Task to carry out:
Would you please copy every line below that includes the string "from"?

++++ Records for processing

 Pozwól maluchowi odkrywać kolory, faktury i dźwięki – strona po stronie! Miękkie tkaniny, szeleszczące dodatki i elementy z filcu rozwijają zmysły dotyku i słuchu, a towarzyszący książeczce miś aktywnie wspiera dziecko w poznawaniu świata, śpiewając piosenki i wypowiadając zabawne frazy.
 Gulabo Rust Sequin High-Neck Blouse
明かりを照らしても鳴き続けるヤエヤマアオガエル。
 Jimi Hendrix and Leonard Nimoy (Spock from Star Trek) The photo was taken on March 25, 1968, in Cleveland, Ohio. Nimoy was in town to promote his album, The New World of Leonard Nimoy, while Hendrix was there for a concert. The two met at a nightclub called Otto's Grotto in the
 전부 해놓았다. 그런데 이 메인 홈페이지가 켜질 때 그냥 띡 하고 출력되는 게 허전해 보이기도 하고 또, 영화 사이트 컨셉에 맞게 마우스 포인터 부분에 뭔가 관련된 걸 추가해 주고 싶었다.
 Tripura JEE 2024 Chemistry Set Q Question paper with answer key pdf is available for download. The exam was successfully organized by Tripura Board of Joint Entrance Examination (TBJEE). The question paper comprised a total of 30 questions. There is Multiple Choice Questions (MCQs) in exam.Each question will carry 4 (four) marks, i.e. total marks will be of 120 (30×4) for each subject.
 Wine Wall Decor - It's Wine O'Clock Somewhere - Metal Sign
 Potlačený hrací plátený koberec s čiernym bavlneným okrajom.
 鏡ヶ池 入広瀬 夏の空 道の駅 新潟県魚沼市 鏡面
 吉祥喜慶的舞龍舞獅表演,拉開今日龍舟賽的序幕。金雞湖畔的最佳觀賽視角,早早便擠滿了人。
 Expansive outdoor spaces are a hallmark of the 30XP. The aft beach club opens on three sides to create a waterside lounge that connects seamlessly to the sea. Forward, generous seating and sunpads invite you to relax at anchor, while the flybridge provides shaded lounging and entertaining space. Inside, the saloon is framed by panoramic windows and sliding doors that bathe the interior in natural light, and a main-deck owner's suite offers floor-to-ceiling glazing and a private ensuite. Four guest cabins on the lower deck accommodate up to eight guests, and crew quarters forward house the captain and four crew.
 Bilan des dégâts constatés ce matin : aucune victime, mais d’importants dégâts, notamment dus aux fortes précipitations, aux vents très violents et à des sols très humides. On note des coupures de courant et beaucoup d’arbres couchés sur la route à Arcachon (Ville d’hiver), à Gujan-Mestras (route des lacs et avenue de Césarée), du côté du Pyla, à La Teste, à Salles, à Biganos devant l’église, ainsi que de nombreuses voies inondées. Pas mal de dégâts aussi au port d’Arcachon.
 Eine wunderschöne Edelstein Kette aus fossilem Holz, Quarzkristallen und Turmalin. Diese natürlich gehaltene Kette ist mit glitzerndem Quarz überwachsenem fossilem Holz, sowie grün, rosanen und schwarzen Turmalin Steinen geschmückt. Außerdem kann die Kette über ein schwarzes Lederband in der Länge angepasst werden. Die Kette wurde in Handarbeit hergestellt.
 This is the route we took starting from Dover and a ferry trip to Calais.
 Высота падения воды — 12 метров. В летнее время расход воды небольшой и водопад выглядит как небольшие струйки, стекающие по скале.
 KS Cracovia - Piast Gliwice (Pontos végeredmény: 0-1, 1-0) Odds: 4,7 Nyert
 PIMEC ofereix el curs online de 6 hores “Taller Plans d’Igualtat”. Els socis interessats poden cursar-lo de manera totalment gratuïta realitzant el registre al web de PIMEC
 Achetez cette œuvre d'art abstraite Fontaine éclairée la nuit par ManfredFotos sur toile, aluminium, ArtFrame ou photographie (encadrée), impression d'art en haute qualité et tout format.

++++++++

Written solution:
 Jimi Hendrix and Leonard Nimoy (Spock from Star Trek) The photo was taken on March 25, 1968, in Cleveland, Ohio. Nimoy was in town to promote his album, The New World of Leonard Nimoy, while Hendrix was there for a concert. The two met at a nightclub called Otto's Grotto in the
 This is the route we took starting from Dover and a ferry trip to Calais.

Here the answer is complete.